A public annual stress test of the social system against an AI shock, on data, not impressions. What is not measured does not get sewn. The methodology of this index is open source.
Raise spending on retraining, counselling and back-to-work support. They work best precisely in a crisis, yet Czechia spends 0.18% of GDP where Denmark spends 1.4%. Card, Kluve & Weber, meta-analysis of 200+ programmes.
Individual learning accounts portable between employers, so that people in exposed occupations train before they fall. Today they train 3× less than everyone else. OECD, Nedelkoska & Quintini.
An unemployment benefit replacement rate high enough that losing a job does not mean an immediate drop in living standards. Well-set benefits absorb up to two thirds of the shock. Gruber, AER.
The self-employed, platform and agency workers need the same net. AI does not select by contract type.
Everyone under 30 who has been out of work and school for 6 months gets a concrete offer of a job, an internship or education. NEET is the most expensive line item of the future.

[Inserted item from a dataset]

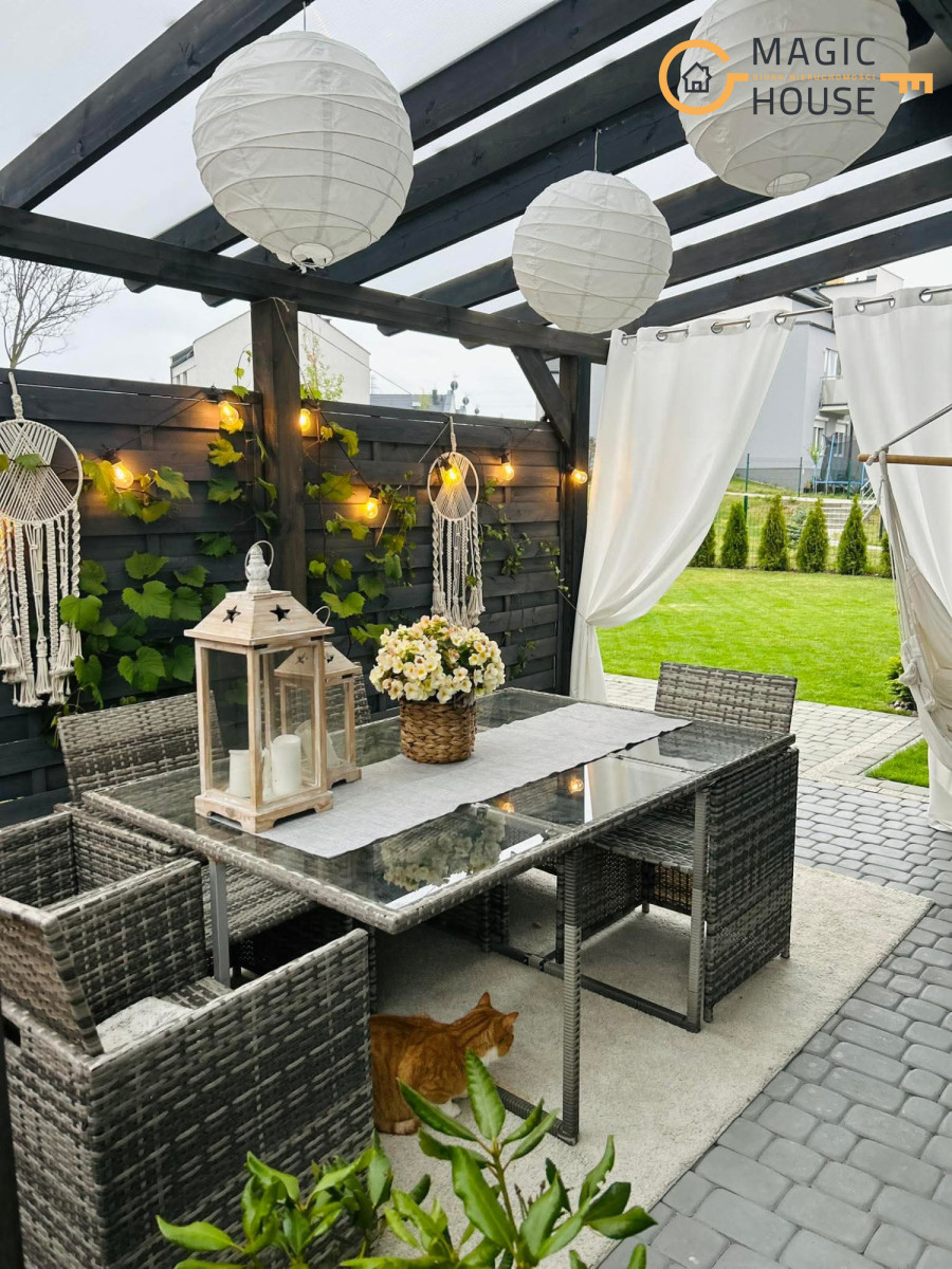 Niezwykłym atutem tej nieruchomości jest prywatny ogród o powierzchni 400 m², graniczący bezpośrednio ze stawem. To idealna przestrzeń na wypoczynek, zabawę z dziećmi czy letnie spotkania w gronie bliskich.-system automatycznego nawadniania, wydzielona strefa dla dzieci – plac zabaw, zieleń, cisza i pełna prywatność.

Strengthen worker consultation when AI is deployed: where people are talked with, AI adoption demonstrably turns out better for the firm as well. OECD Employment Outlook 2023.
Large firms report the impact of AI deployment on jobs. Without data on the pressure, no cushion can be tailored.
Automation gains must flow into financing the cushion. The tax mix cannot rest only on taxing the very work that is disappearing.
Labour market adjustment to a major shock takes over ten years. Approve the cushion's budget and plan on a ten-year horizon. Autor, Dorn & Hanson.